Shares of Sharp (OTC:
SHCAY
) and Panasonic (NYSE:
PC
) traded lower on Thursday, as poor earnings have analysts
questioning their future within the tech industry. Although many
have blamed the companies' failures on the strong yen, their
problems run much deeper. For more than 10 years, Sharp has
employed a flawed business plan that included overpriced
televisions,
lame
TV ads and a dying perception of quality. While the company
repeatedly told consumers
that its screens were (for lack of a better word)
sharp
, the company failed to persevere above Sony (NYSE:
SNE
) and Samsung. Initially, competing sets were the same price but
looked much better. In more recent years, Sony, Samsung, Vizio
and LG have reduced their prices while simultaneously increasing
the quality of their televisions. Sharp has been unable to do the
same.
Panasonic manufactures beautiful displays, but its business
model is also severely flawed. While other manufacturers
abandoned plasma TV production the moment LCDs became a viable
alternative, Panasonic continued to produce plasma displays. That
effort led to some interesting concepts, including a
150-inch display
, but it has not helped the company's bottom line. (Sharp is
famous for building a
108-inch TV
, which was once the largest in the world. Perhaps bigger is not
better.)
Comparatively, Samsung and Vizio continue to grow their TV
businesses. You cannot walk into a bar in Metro Detroit without
seeing Vizio TVs hung from the ceiling. They are
everywhere
. This is partially due to Vizio's pricing strategy; the company
has strived to undercut its competitors at every turn.

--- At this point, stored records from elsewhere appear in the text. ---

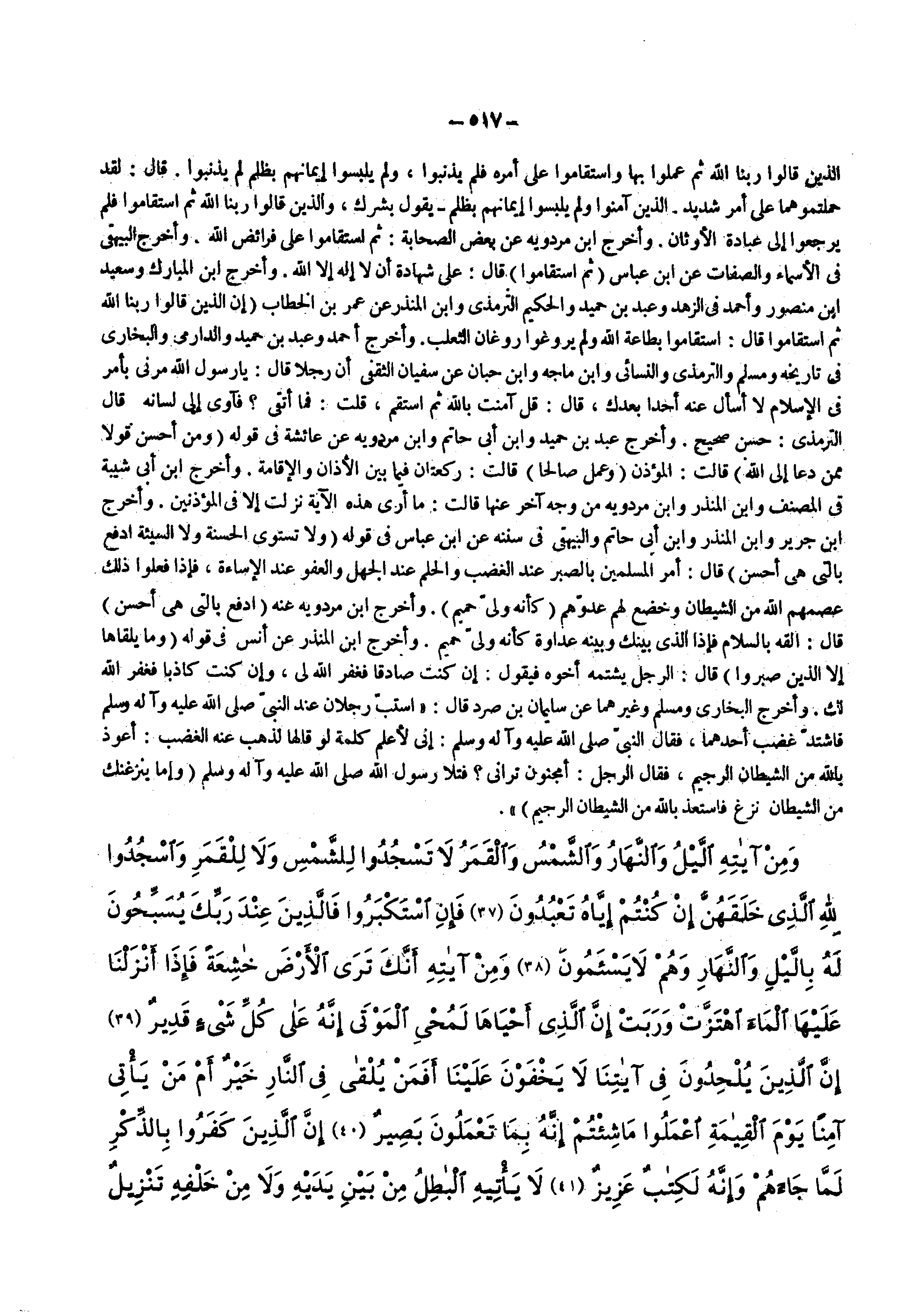 الذين قالوا ربنا الله ثم عملوا بها واستقاموا على أمره فلم يذنبوا ولم يلبسوا إيمانهم بظلم لم يذنبوا قال لقد حملتموهما على أمر شديد ) الذين آمنوا ولم يلبسوا إيمانهم بظلم ( يقول بشرك والذين قالوا ربنا الله ثم استقاموا فلم يرجعوا إلى عبادة الأوثان وأخرج ابن مردويه عن بعض الصحابة ثم استقاموا على فرائض الله وأخرج البيهقى فى الأسماء والصفات عن ابن عباس ) ثم استقاموا ( قال على شهادة أن لا إله إلا الله وأخرج ابن المبارك وسعيد ابن منصور وأحمد فى الزهد وعبد بن حميد والحكيم الترمذى وابن المنذر عن عمر بن الخطاب ) إن الذين قالوا ربنا الله ثم استقاموا ( قال استقاموا بطاعة الله ولم يروغوا روغان الثعلب وأخرج أحمد وعبد بن حميد والدارمى والبخارى فى تاريخه ومسلم والترمذى والنسائى وابن ماجه وابن حبان عن سفيان الثقفى أن رجلا قال يا رسول الله مرنى بأمر فى الإسلام لا أسأل عنه أحدا بعدك قال قل آمنت بالله ثم استقم قلت فما أتقى فآوى إلى لسانه قال الترمذي حسن صحيح وأخرج عبد بن حميد وابن أبى حاتم وابن مردويه عن عائشة فى قوله ) ومن أحسن قولا ممن دعا إلى الله ( قالت المؤذن ) وعمل صالحا ( قالت ركعتان فيما بين الأذان والإقامة وأخرج ابن أبى شيبة فى المصنف وابن المنذر وابن مردويه من وجه آخر عنها قالت ما أرى هذه الآية نزلت إلا فى المؤذنين وأخرج ابن جرير وابن المنذر وابن أبى حاتم والبيهقى فى سننه عن ابن عباس فى قوله ) ولا تستوي الحسنة ولا السيئة ادفع بالتي هي أحسن ( قال أمر المسلمين بالصبر عند الغضب والحلم عند الجهل والعفو عند الإساءة فإذا فعلوا ذلك عصمهم الله من الشيطان وخضع لهم عدوهم ) كأنه ولي حميم ( وأخرج ابن مردويه عنه ) ادفع بالتي هي أحسن ( قال القه بالسلام فإذا الذى بينك وبينه عداوة كأنه ولى حميم وأخرج ابن المنذر عن أنس فى قوله ) وما يلقاها إلا الذين صبروا ( قال الرجل يشتمه أخوه فيقول إن كنت صادقا فغفر الله لى وإن كنت كاذبا فغفر الله لك وأخرج البخارى ومسلم وغيرهما عن سليمان بن صرد قال استب رجلان عند النبى ( صلى الله عليه وسلم ) فاشتد غضب أحدهما فقال النبى ( صلى الله عليه وسلم ) إنى لأعلم كلمة لو قالها لذهب عنه الغضب أعوذ بالله من الشيطان الرجيم فقال الرجل أمجنون ترانى فتلا رسول الله ( صلى الله عليه وسلم ) ) وإما ينزغنك من الشيطان نزغ فاستعذ بالله إنه هو السميع العليم )
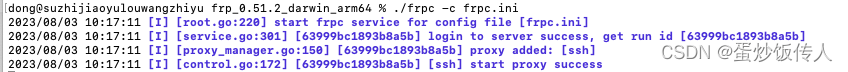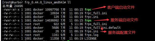 # 服务端frps.ini配置 [root@harbor frp_0.44.0_linux_amd64]# cat frps.ini [common] bind_addr = 0.0.0.0 bind_port = 7000 kcp_bind_port = 7000 bind_udp_port = 7001 max_pool_count = 5 tcp_mux = true heartbeat_timeout = 90 authentication_timeout = 900 dashboard_addr = 0.0.0.0 dashboard_port = 7500 dashboard_user = admin dashboard_pwd = admin dashboard_tls_mode = false log_file = ./frps.log log_level = debug log_max_days = 3 tls_only = true authentication_method = token token = 12345678 # 秘钥自己设置 # 启动程序 ./frps -c ./frps.ini 查看日志: [I] [root.go:218] frps started successfully
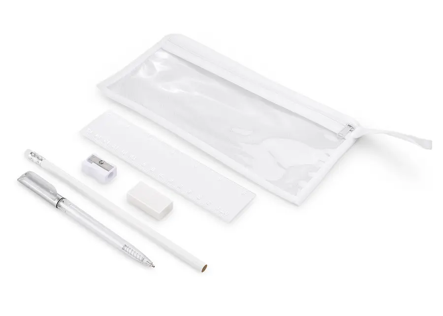 ÁREA DE IMPRESIÓN APROXIMADA: Cartuchera 7 x 5 cm. Lápiz: 4 x 0,5 cm. Bolígrafo: 4 x 0,6 cm. Regla: 6 x 1,5 cm.
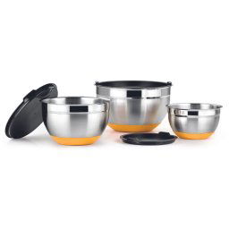 Комплект от 3 купи от неръждаема стомана със силиконова основа и капак. Купите Origen могат да се използват за смесване, приготвяне на салати, паста, размразяване и много други неща. Снабдени са с капак, което позволява да се използват като съдове за съхр89,97 лв. (46,00 €)Доставката не е включенаPIP.BG
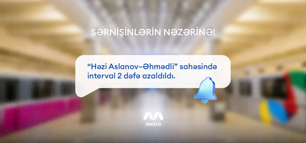 Вдвое сокращён интервал движения поездов на участке «Ази Асланов» - «Ахмедлы» – с 10 до 5 минут (в часы пик).
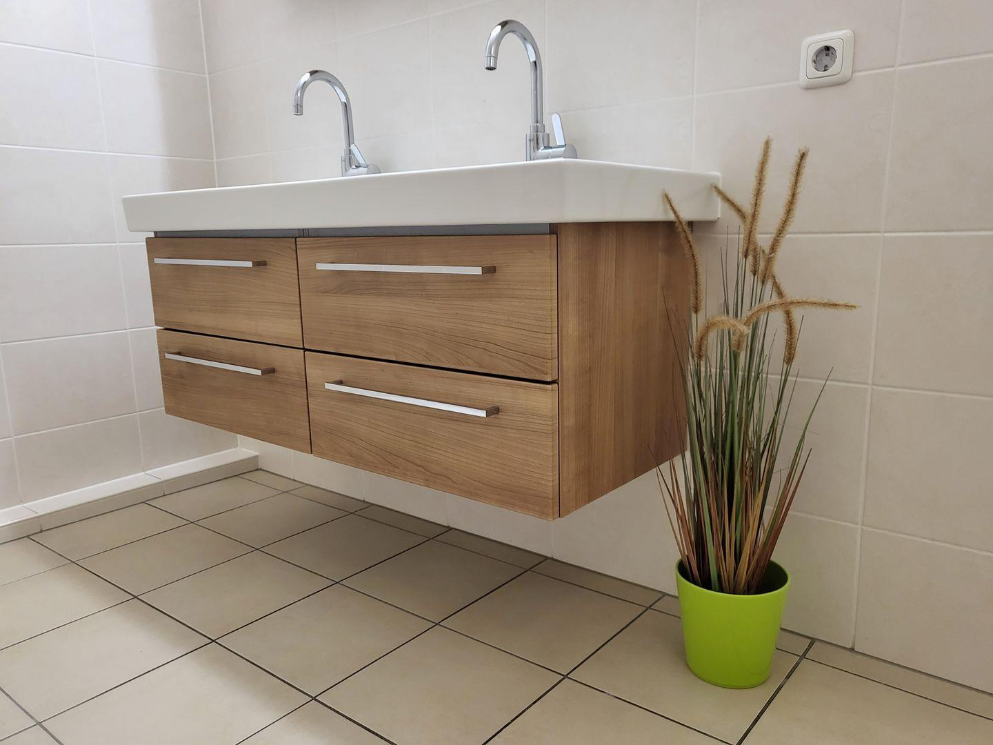 Die Wohnung hat ein Duschbad mit WC und Doppelwaschbecken. Die geräumige Dusche hat einen sehr niedrigen Einstieg und ist damit auch für mobilitätseingeschränkte Personen geeignet.
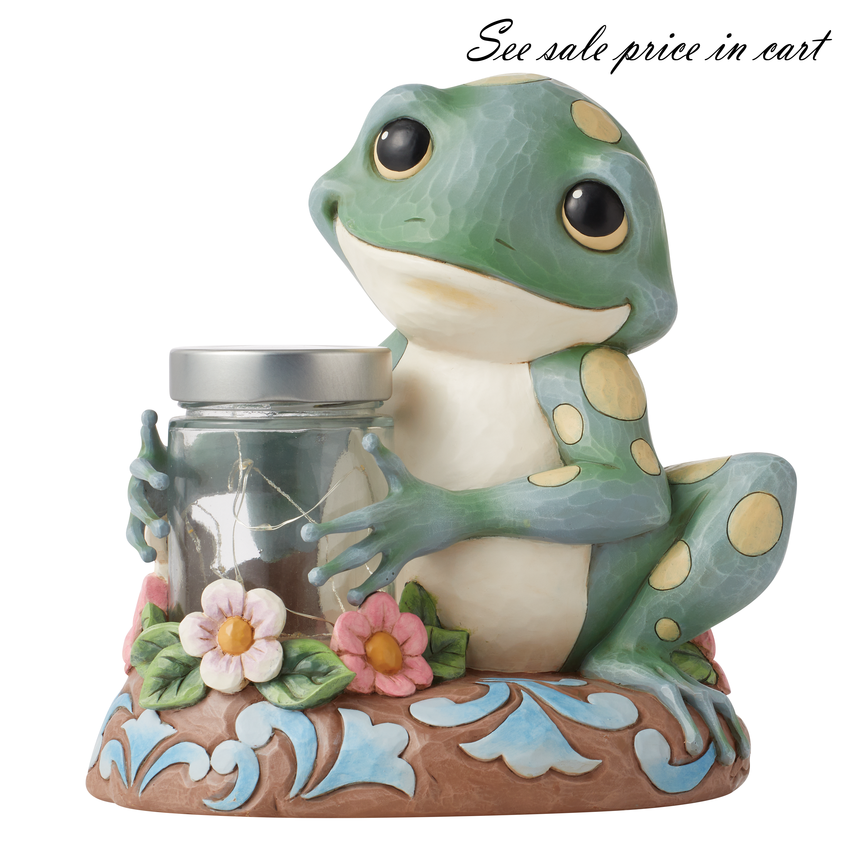 This adorable frog holds a jar of glowing fireflies. Creatively crafted by Jim Shore, the garden frog's firefly jar glows with LED lights. With flowers and rosemaling, this figurine is a charming addition to any nature lover's home.
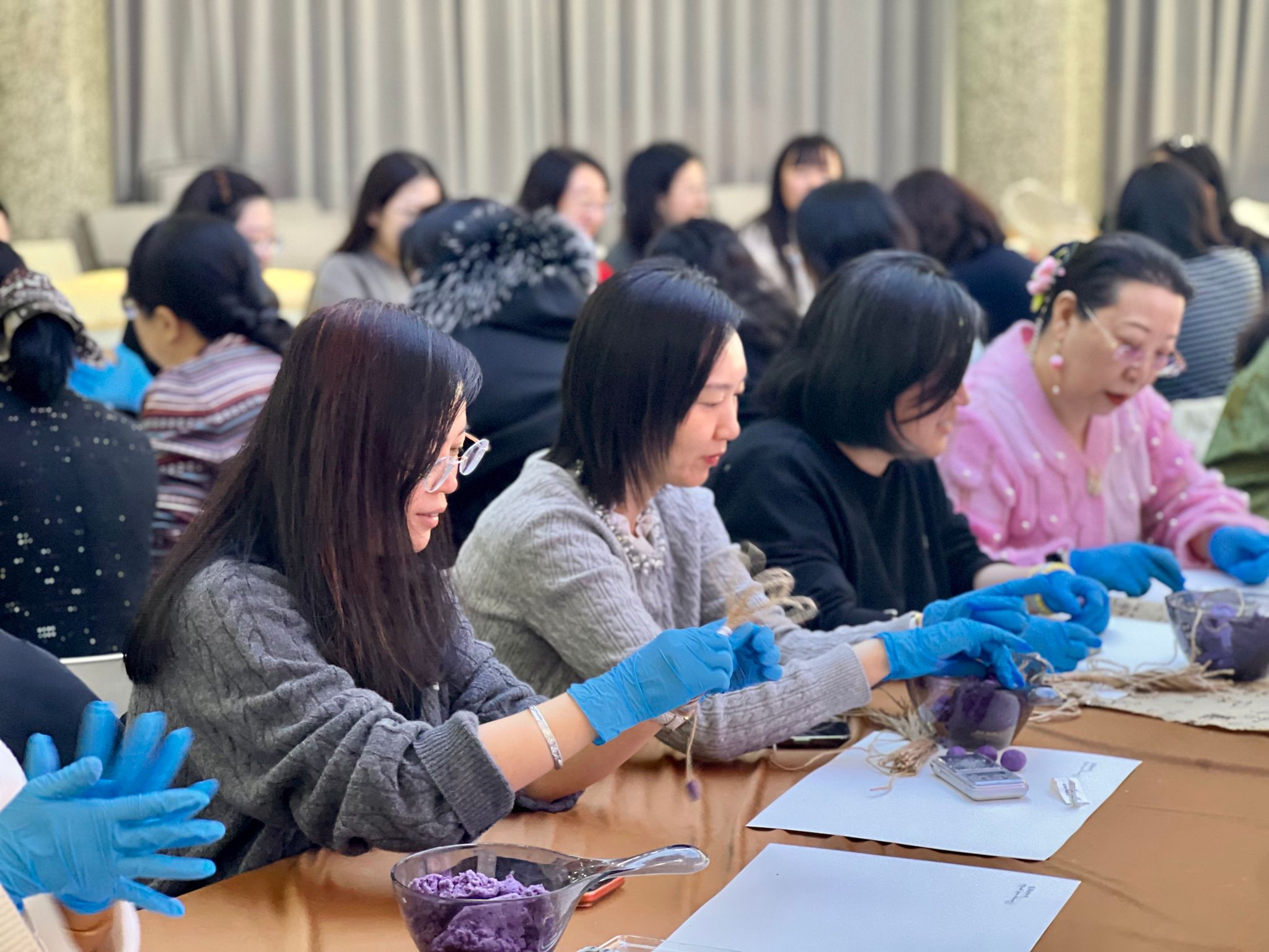 活动现场,桌面上整齐摆放着绿、紫皂基、清香精油,以及一束束麻绳,静静等待着女教工们用巧手赋予它们新的生命。在指导老师细致入微地讲解下,大家认真学习了手工皂的制作要领,从每一颗葡萄的精心称量,到指尖揉捏间的造型塑形,再到将一颗颗莹润的皂果串联成串,在指尖流转间塑造出一颗颗形态逼真、晶莹剔透的“葡萄”。

By charging as little as possible, Vizio displays have
proven to be attractive
to both consumers and small business owners.
Sony and Samsung are set to implement a different strategy.
Last May
The Wall Street Journal
reported that the two firms had implemented a new pricing policy
that will prevent retailers from discounting their TVs. This
could allow their competitors to undercut their prices more
easily through retail reductions.
Year-to-date, Panasonic is down more than 45 percent while
Sharp is down more than 70 percent. Sharp dropped more than 12
percent today after the company revealed that it expects to
report a full-year, record-breaking loss of $5.6 billion.
Panasonic hopes to save its TV business by
teaming up with Sony
to produce low-cost OLED displays. This initiative could be cut
short, however, now that Panasonic has decided to
scale back production
of new LCD TVs.
Sharp has yet to reveal any plans for how it might recover.
The company told
Bloomberg
that it has "material doubt" that it can survive.